2005年08月05日
三井化学、BPAの欧州向け輸出を再開の方向
EXメーカーの要求に対応、今秋にも実現か
【カテゴリー】:経営(原料/樹脂/化成品)
【関連企業・団体】:三井化学

 三井化学は、BPA(ビスフェノール-A)の欧州向け輸出を再開する方向で具体的な検討を開始した。欧州各国のエポキシ樹脂メーカーの多くが輸出再開を強く求めてきていることによるもので、今年10月にも再開に踏み切る公算が濃厚となっている。
 
 同社は、かねてからBPAについては日本、アジア、欧州の3地域のPC(ポリカーボネート)市場とエポキシ樹脂市場を広くカバー、うち欧州には年平均4万トンを輸出してきた。ところが、大手ユーザーの帝人が今年3月末に浙江省に年産5万トン能力のPC設備を立ち上げたこともあって中国からの注文が大幅に拡大してきたため今年4月をもって欧州向けを中断する措置に踏み切っていた。
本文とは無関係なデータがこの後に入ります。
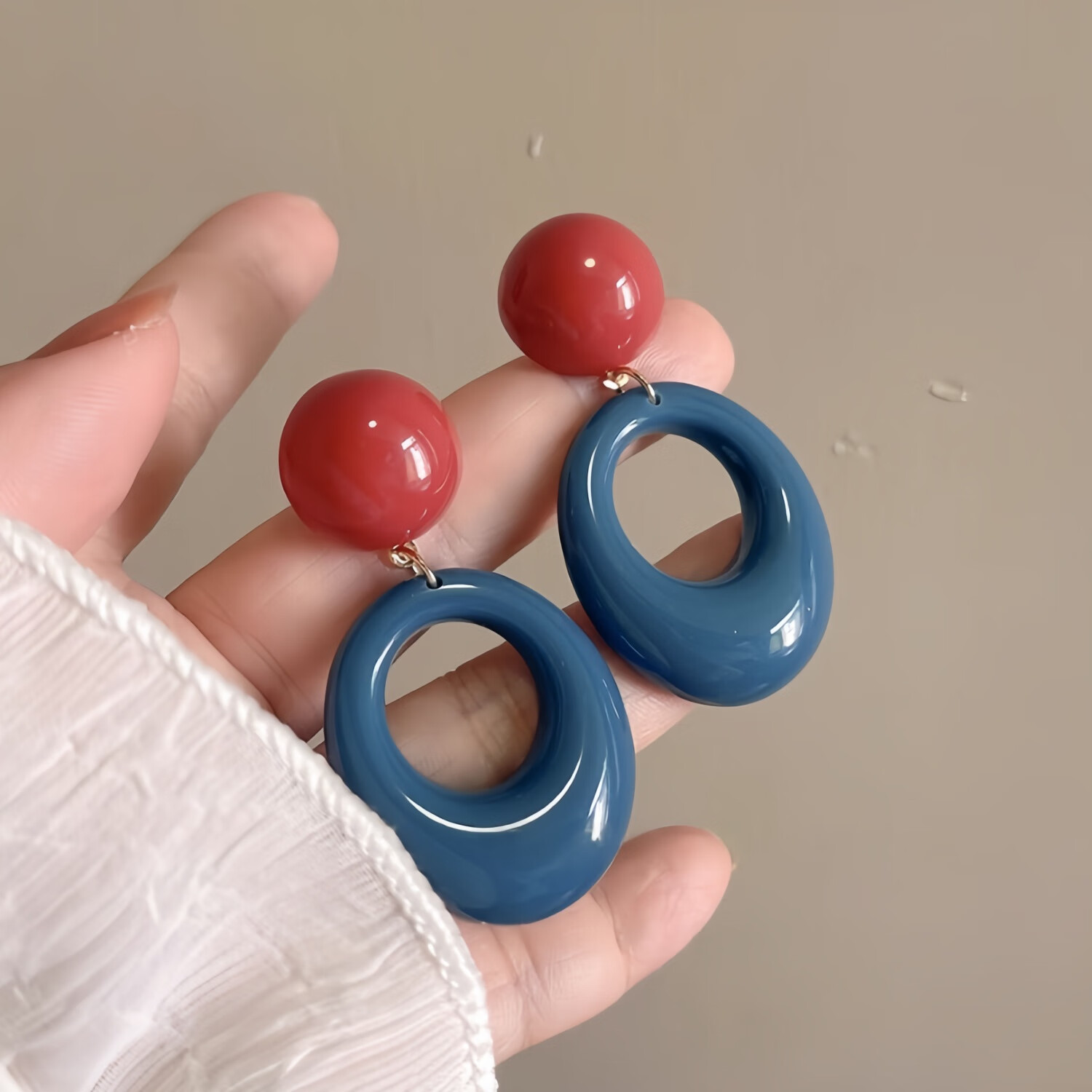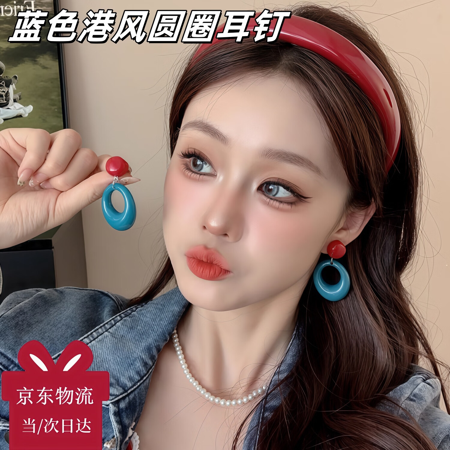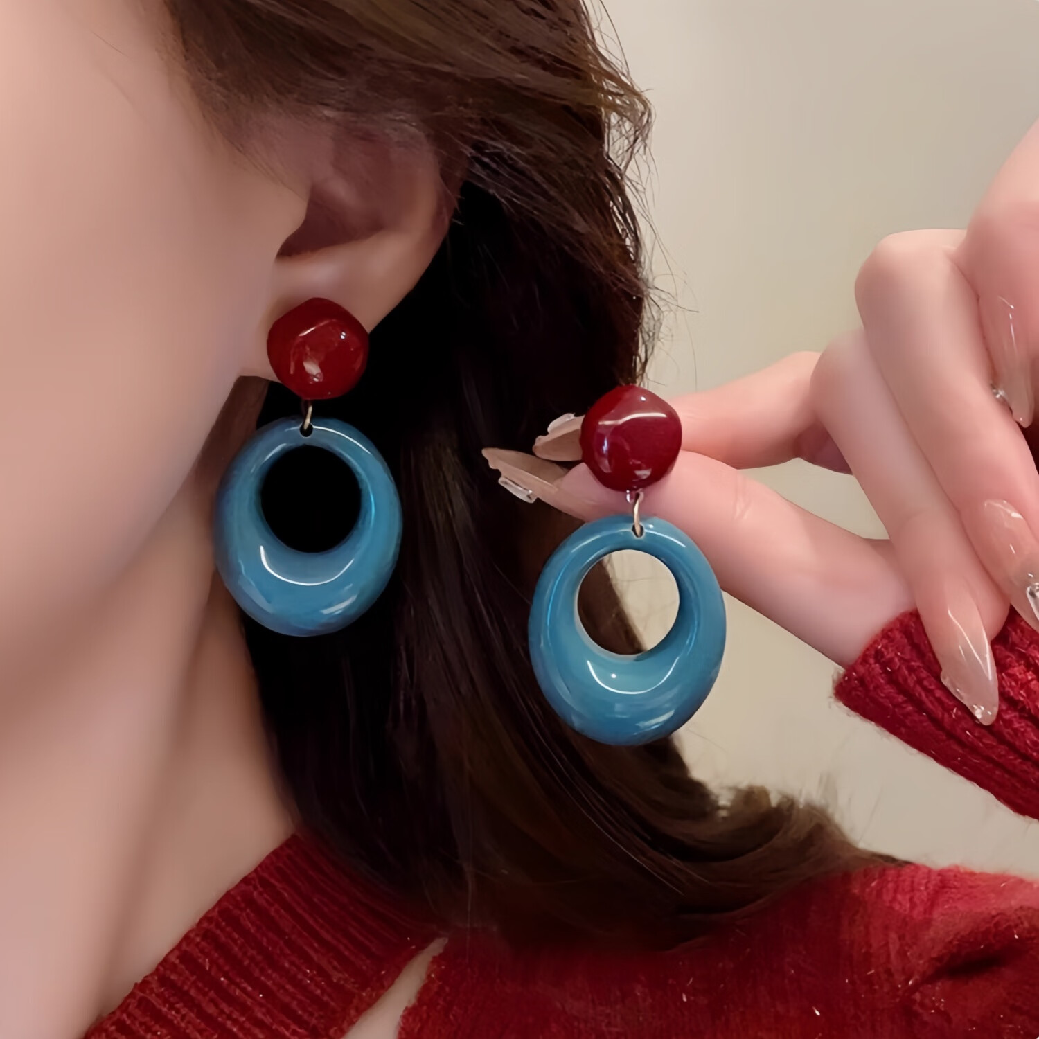 SNQP seaside Hong Kong style blue earrings for women dopamine holiday style earrings niche design retro exaggerated ear clip earrings 1 pair of leopard print hoop earrings about 4cm

 それがここにきて再開の方向に傾いてきたのは、4月に韓国・LGが12万トンの、また6月には台湾・長春石化が13万5,000トンのそれぞれBPAプラントを建設したことでアジア地域のBPAの需給バランスに若干の余裕が生じてきたことと、原料不足をきたした欧州各国のエポキシ樹脂メーカーの多くが事業継続のため同社に供給の再開を強く求めてきたことによる。
 
 ただし、輸出を再開する場合も当面の数量は年間1万トンから2万トンの間に抑えざるを得ないとしている。なお、同社のBPAの生産能力は、日本国内21万トン、シンガポール23万トンの合計44万トン。